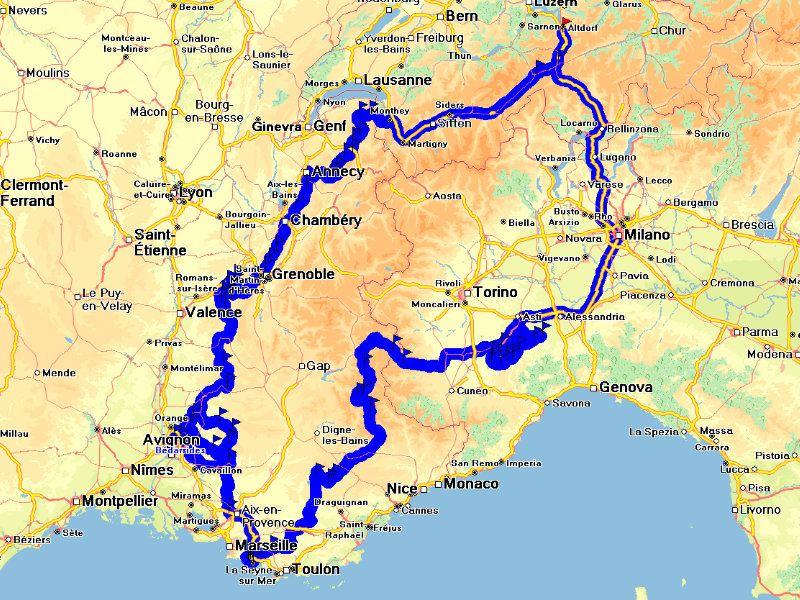 (11 Tage, ca. 2’200 km und ca. 30'000 Höhenmeter, Chartreuse-Pässestraße, Schluchten Georges de Bourne, Gorges de Daluis und Gorges du Nan, Col de la Machine, Übernachtung, Dinner und Weinprobe in der Domaine de Cabasse, die malerische Calanque-Küste mit Bootsausflug und Schnorcheln, La Ciotat, Cassis, Rte des Crêtes, Cap Canaille, Grand Canyon du Verdon mit Route des Crête, Mont Ventoux (1841m), Gorges de la Nesque, Col de Vars (2109m), Col d'Agnel (2746m), Degustation im Shop der Domaine du Pégau in Châteauneuf-du-Pape, Besuch beim König der kandierten Früchte im Luberon, Mittagessen in der Osteria Veglio in La Morra, Besichtigung und Degustation bei Destilleria Berta, Marktbesuch Alba)
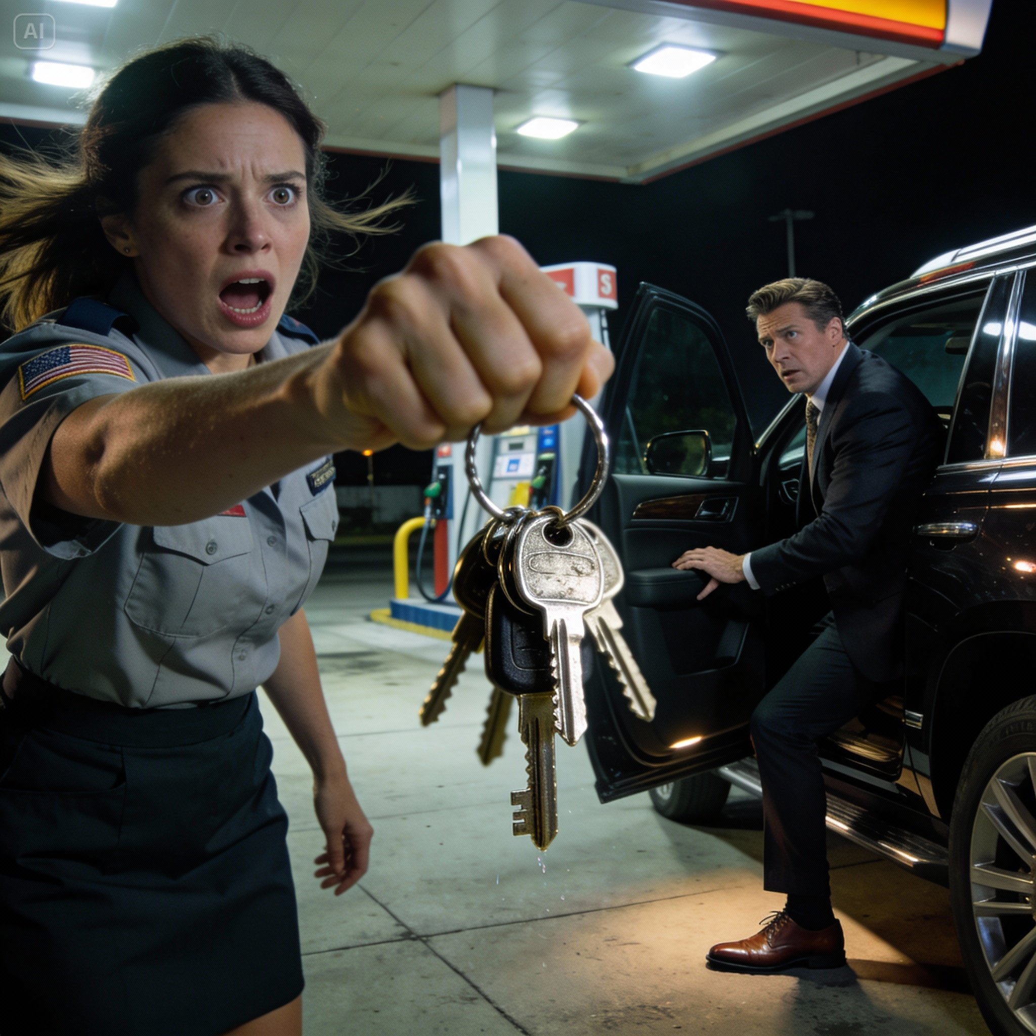 One quiet evening, close to midnight, a black luxury SUV pulled up to the pump. The vehicle gleamed under the station lights—expensive, powerful, unmistakably out of place. Emily stepped outside to assist, as company policy required.
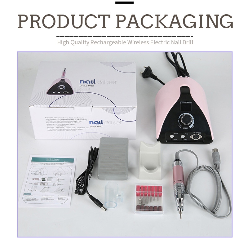 Šīs profesionālās pārnēsājamās nagu urbjmašīnas 35 000 apgr./min iepakojumā ir iekļauts slīpēšanas pildspalvas izstrādājums, USB uzlādes kabelis, izstrādājuma lietošanas instrukcija un viegla un pārnēsājama kaste.
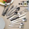 Cubiertos de Acero Inoxidable con Mango Cuadrado Brillante Transfronterizos, Cuchillo, Tenedor y Cuchara al por Mayor en Stock para Uso Doméstico y Restaurantes Occidentales, Juego de Cuchillo, Tenedor y Cuchara para Bistec
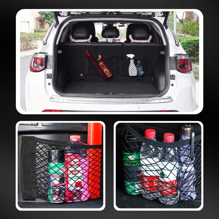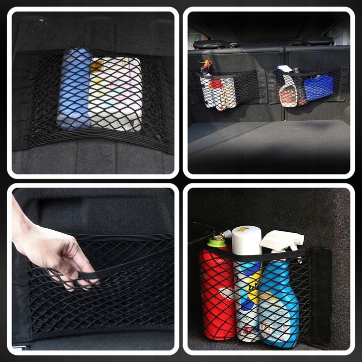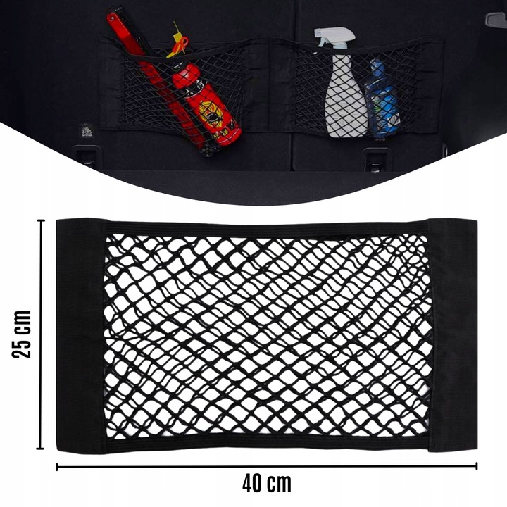 <> Організатор має міцне кріплення на липучках, що забезпечує легку та швидку установку в багажнику автомобіля. Гнучка сітка, яка дозволяє безпечно зберігати різні предмети під час руху.сітка липучка для багажника 40x25
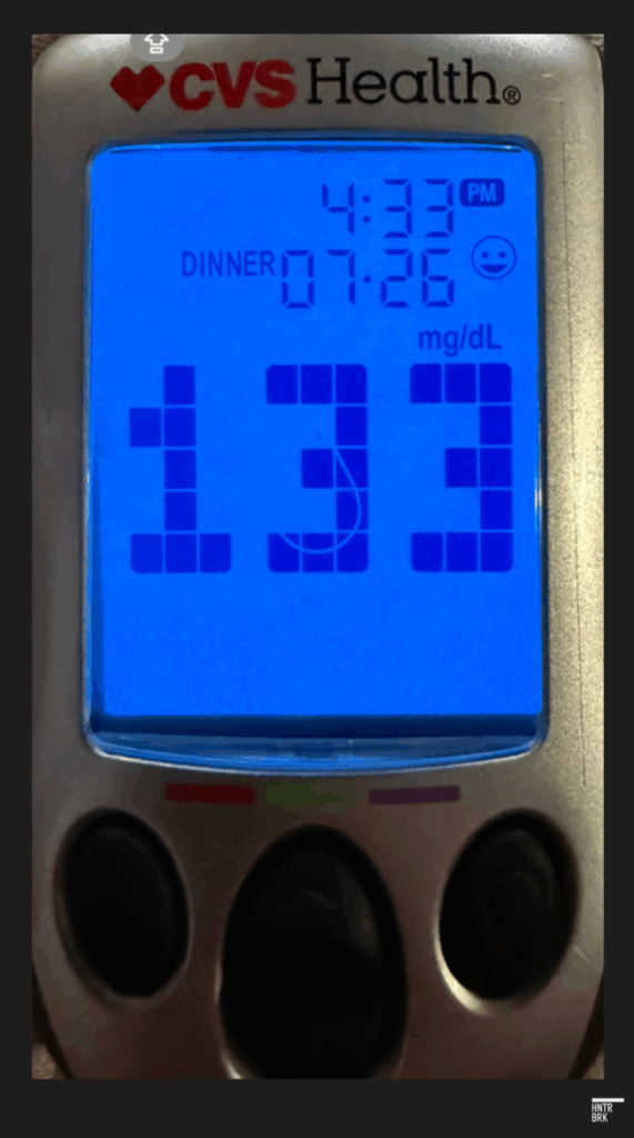 A simultaneous finger stick reading showed 133 mg/dL — a 17-point difference, which is particularly meaningful given the reporter does not have diabetes, therefore likely has a tighter blood sugar range.
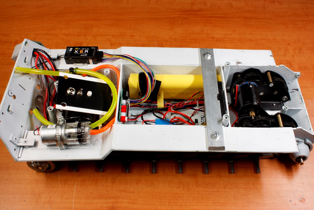 Next is the central compartment which houses the battery and the RX18, which is attached to the front bulkhead. As the Panther is a 27MHz model, I got one of Kevin Grannum’s latest RC5HL paired up with a Taranis Q X7 radio with both sticks self-centring, and a 6ch receiver. The RC5HL is still loose in the photo. The new RC5HL allows you to use relays (the blue component at right side of tank) to block the track recoil activation. As I've said before, I know stuff all about RC, so I got Kevin to set it up for me with ER9X, and all I had to do was solder the relay unit using one of the spare leads Kevin threw in - great service.

--------

#### Work to complete:
Going back to the data above, write out everything from the line with "<> Організатор має" down to the line with "A simultaneous finger", both included, leaving every picture out.

#### Task output:
 <> Організатор має міцне кріплення на липучках, що забезпечує легку та швидку установку в багажнику автомобіля. Гнучка сітка, яка дозволяє безпечно зберігати різні предмети під час руху.сітка липучка для багажника 40x25
 A simultaneous finger stick reading showed 133 mg/dL — a 17-point difference, which is particularly meaningful given the reporter does not have diabetes, therefore likely has a tighter blood sugar range.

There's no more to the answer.